How much tadalafil are you doing prewo? Gotta be a killer pump made painful with the LR3?


----------



## Elvia1023 (Jun 12, 2014)

sh00t said:


> How much tadalafil are you doing prewo? Gotta be a killer pump made painful with the LR3?



I take about 1ml so 25mg and it is incredible. I don't take it everyday though... every few days. If I were to dose it ed I would probably do 12.5mg (1/2 ml).

I still haven't started the LR3 but will do 2moro. The pump will be massive. I may leave my pre workout (Musclemeds NO BULL) 2moro as that will make it even worst


----------



## Elvia1023 (Jun 12, 2014)

I started my LGD today. Due to work (got home at 5am) it messed my sleeping pattern a bit. I took a large dose of peps pre bed and basically woke up feeling like I had hibernated. Anyway I missed the gym but thought I would start so dosed 5mg. I definitely felt it within an hour. It could be unrelated but I had a very mild headache for about 10 mins. I never get headaches and I hadn't taken anything else so it may have been the LGD. You should never go by side effects but if anything that is a good thing. I always find I feel the things that work best more than things that don't perform. That goes for aas or peps or anything. If it is strong your body should react even if that reaction is mild. So that could be anything from increased libido, tiredness, facial flushing, nausea etc. I definitely felt it but obviously will have to wait a few weeks to access it's effectiveness. I will dose 5mg 2moro before I train 

I have took no clen today but will use 60mcg after my breakfast 2moro morning. I dosed 1.5mg letrozole last night and felt the difference when I woke up.


----------



## Elvia1023 (Jun 13, 2014)

I took 1.5mg letrozole last night as usual and am loving it... vascularity has come out loads since starting it. The higher in dose I go the more vascular I am getting.

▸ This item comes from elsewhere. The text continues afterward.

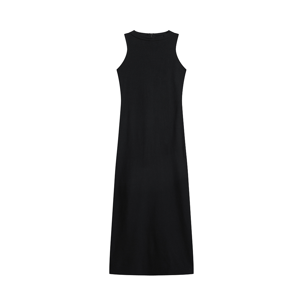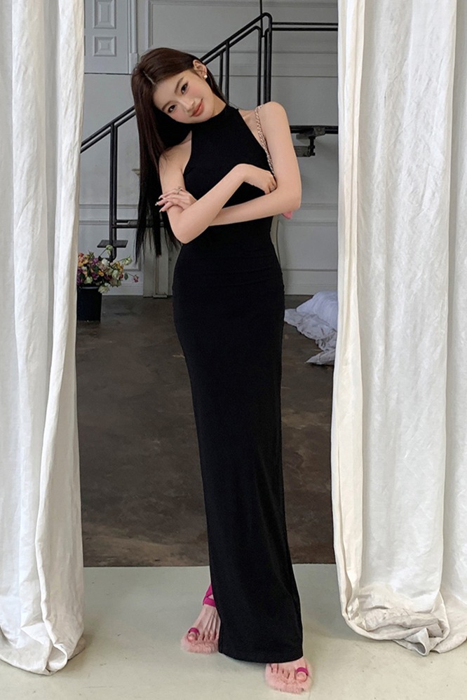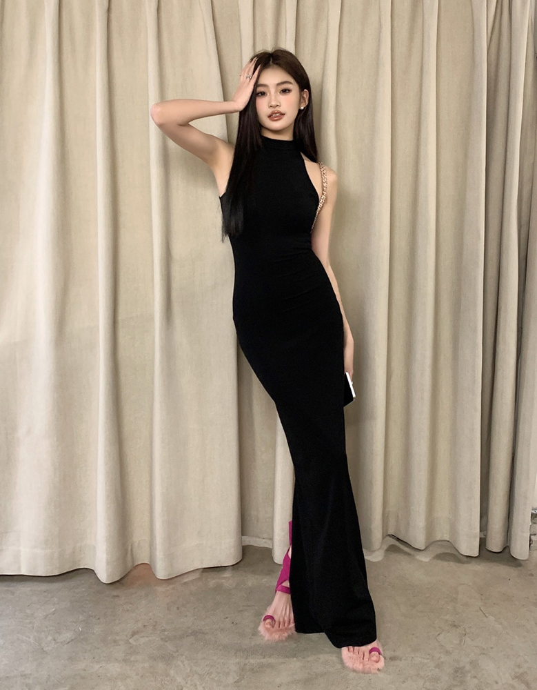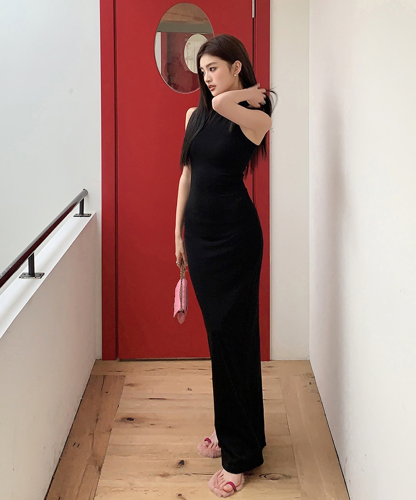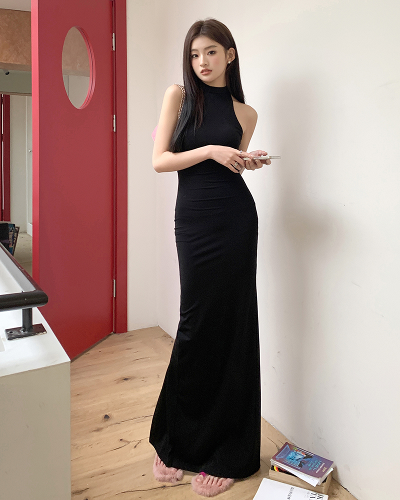 실사 2026 봄 여름 새로운 디자인 민소매 품격 터틀넥 수리 뒤에 트임 고급 센스 여성 드레스 롱 스커트

I haven't added I have only been using my cjc no dac and hexarelin once daily. I do one large dose pre bed and the sleep is incredible. I use about 100mcg cjc no dac and 100mcg hexarelin pre bed. Staying up late plus that pep combo has made it harder to get up in the mornings but things are good.

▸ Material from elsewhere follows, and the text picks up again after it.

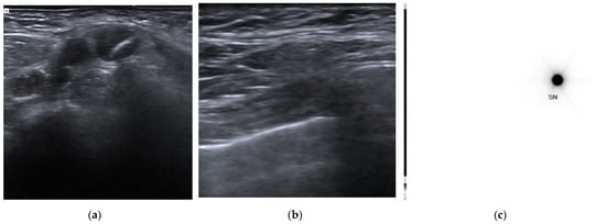 Clip placement and pre-surgical identification of clipped axillary lymph node. (a) A clip marker was placed within the cortex of the histologically confirmed metastatic axillary lymph node (clipped lymph node, CLN) before the beginning of neoadjuvant chemotherapy. (b) Before surgery, an US axillary evaluation was performed to identify the CLN and a radioactive tracer—Technetium 99mTc macro-aggregated albumin (99mTc-MAA)—was injected into the CLN under US guidance using a 21G needle. (c) Pre-surgical scintigraphic acquisition shows the presence of focal activity in the tracer inoculation site.

I was in a rush today but finally started my LR3. I ended up doing about 10-15mcg in 6 spots in my chest. I didn't have time to do my calves but will next time. I trained chest than calves. I took no tadalafil as that would effect my observation (pump etc). To be honest I didn't really notice that much... no major pump or anything. I did feel amazing in the gym though... but that could just be placebo and the fact I had missed the gym for 2 days so was made up to be training. I will do my calves next time with shoulders. The injections were easy and I just used the 1 slin pin for all 6.

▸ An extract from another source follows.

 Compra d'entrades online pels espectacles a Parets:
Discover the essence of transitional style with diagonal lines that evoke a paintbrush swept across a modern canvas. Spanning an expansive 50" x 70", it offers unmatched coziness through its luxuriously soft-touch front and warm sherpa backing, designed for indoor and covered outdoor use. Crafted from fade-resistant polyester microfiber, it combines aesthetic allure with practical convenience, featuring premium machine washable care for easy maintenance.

I also dosed 5mg LGD-4033 today so that will be building up in my system. I am gonna double the dose to 10mg 2moro morning. 

Things are going good and I am in a decent routine now.


----------



## sh00t (Jun 20, 2014)

Ok, its been 7 days, what's the good word?


----------



## Elvia1023 (Jun 24, 2014)

sh00t said:


> Ok, its been 7 days, what's the good word?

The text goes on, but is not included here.